Ceci étant dit, certaines visites m’ont ouvert les yeux. Je pense au Groupe Guillin, dont l’usine d’Ornans illustre l’importance de la fonction logistique dans le métier de l’emballage alimentaire. La qualité du service logistique, livraison sous 24 heures, explique leur niveau de marge sur les produits de base. La visite du site LDC au Mans m’a également marqué : j’ai également pris conscience de l’importance de la barrière à l’entrée que représente l’outil logistique à proximité du site de découpe.
Nous sommes dans la période de publication des rapports annuels et vous faites partie des investisseurs qui les lisent attentivement. Quelles sections ou détails retiennent particulièrement votre attention ?
« J’aime dire que quiconque lit le rapport annuel d’une entreprise dans son intégralité est l’un des meilleurs spécialistes de l’entreprise. Je me concentre sur les facteurs de risque, les procès en cours et le tableau de financement, car la trésorerie ne ment pas alors que les comptes de résultat peuvent être « bricolé ». Un écart significatif entre résultat net et génération de cash doit poser question. Enfin, la rémunération des dirigeants ne doit pas être trop importante par rapport aux revenus d’exploitation de l’entreprise. Actions gratuites incluses… »
Quels achats avez-vous effectués récemment ?

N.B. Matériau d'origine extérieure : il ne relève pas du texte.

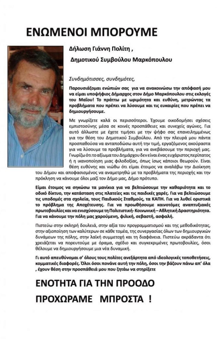 Γιάννης Πολίτης: Υποψήφιος για τον δήμο Μαρκοπούλου
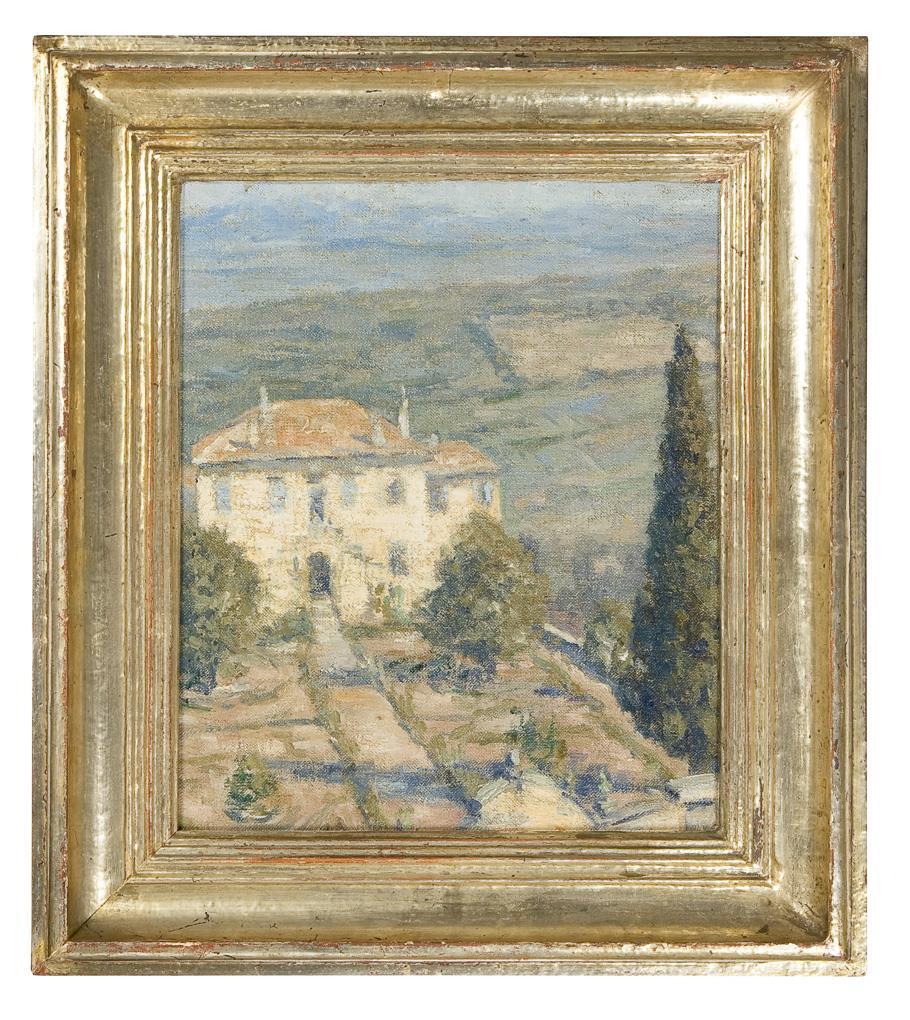 Das Anwesen steht im Sonnenlicht des Südens. Die Landschaft ist kompositorisch reizvoll gegliedert. Profilierter Goldrahmen mit Klebezettel der Gebrüder Renz, Stuttgart.
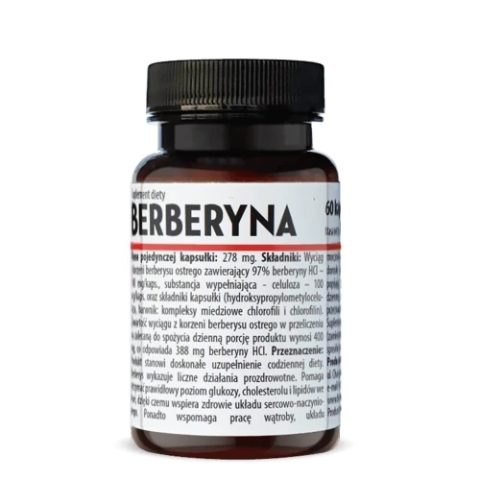 Suplement diety Berberyna to preparat, który zawiera wyciąg z korzeni berberysu ostrego standaryzowany na 97% zawartość berberyny HCl. Uzupełnianie codziennej diety w ten składnik jest polecane jako wsparcie dla układu sercowo-naczyniowego.
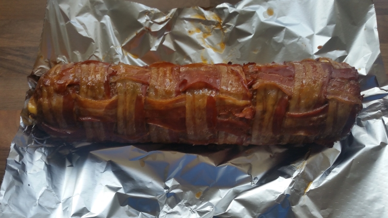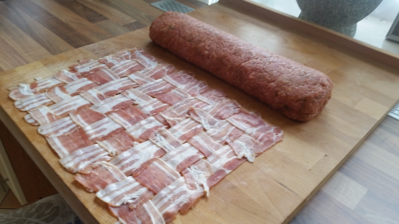 - Die Hackfleisch-Rolle aus der Frischhaltefolie befreien und in den Bacon einrollen.
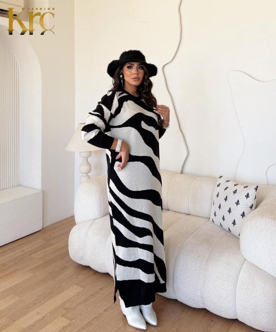 تقدري تطلعي بأجمل إطلالة مع لونج دريس تريكو زيبرا. خامة عجينة تقيلة بتخليكي تحسي بالراحة والفخامة في نفس الوقت. الدريس ده هيكون الاختيار المثالي لأي مناسبة، سواء كانت نزهة مع الأصدقاء أو مناسبة خاصة!
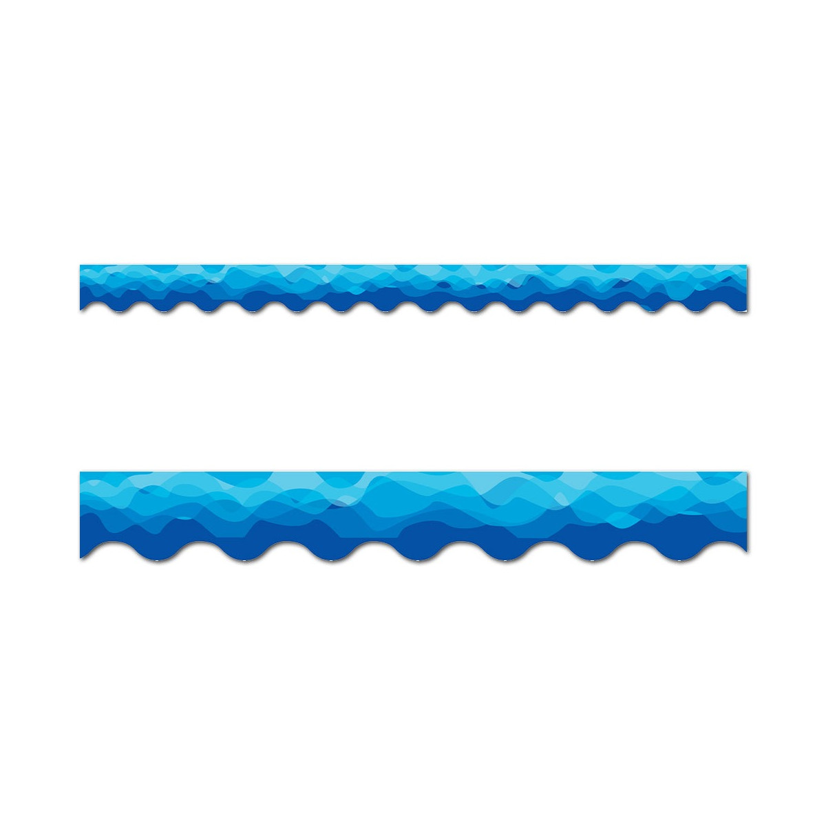 Add pizzazz to bulletin boards, doors, and common areas with this colorful Waves of Blue Wavy EZ Border. Great for holiday an...

« Nous avons acheté Esso à l’occasion de la publication des résultats 2023 qui mettaient en évidence une sous-évaluation importante. Nous ne prétendons pas savoir si les marges de raffinage vont s’effondrer ou non. Il semble que la guerre en Ukraine et la rareté des raffineries en Europe soient des facteurs favorables. J’apprécie également Mersen qui investit très massivement dans des secteurs prometteurs avec un ROCE avant IS annoncé de l’ordre de 15% sur les nouveaux investissements, le tout pour un PE d’environ 10 fois les résultats attendus cette année. TF1 reste mal valorisé malgré la récente hausse des son cours de bourse. »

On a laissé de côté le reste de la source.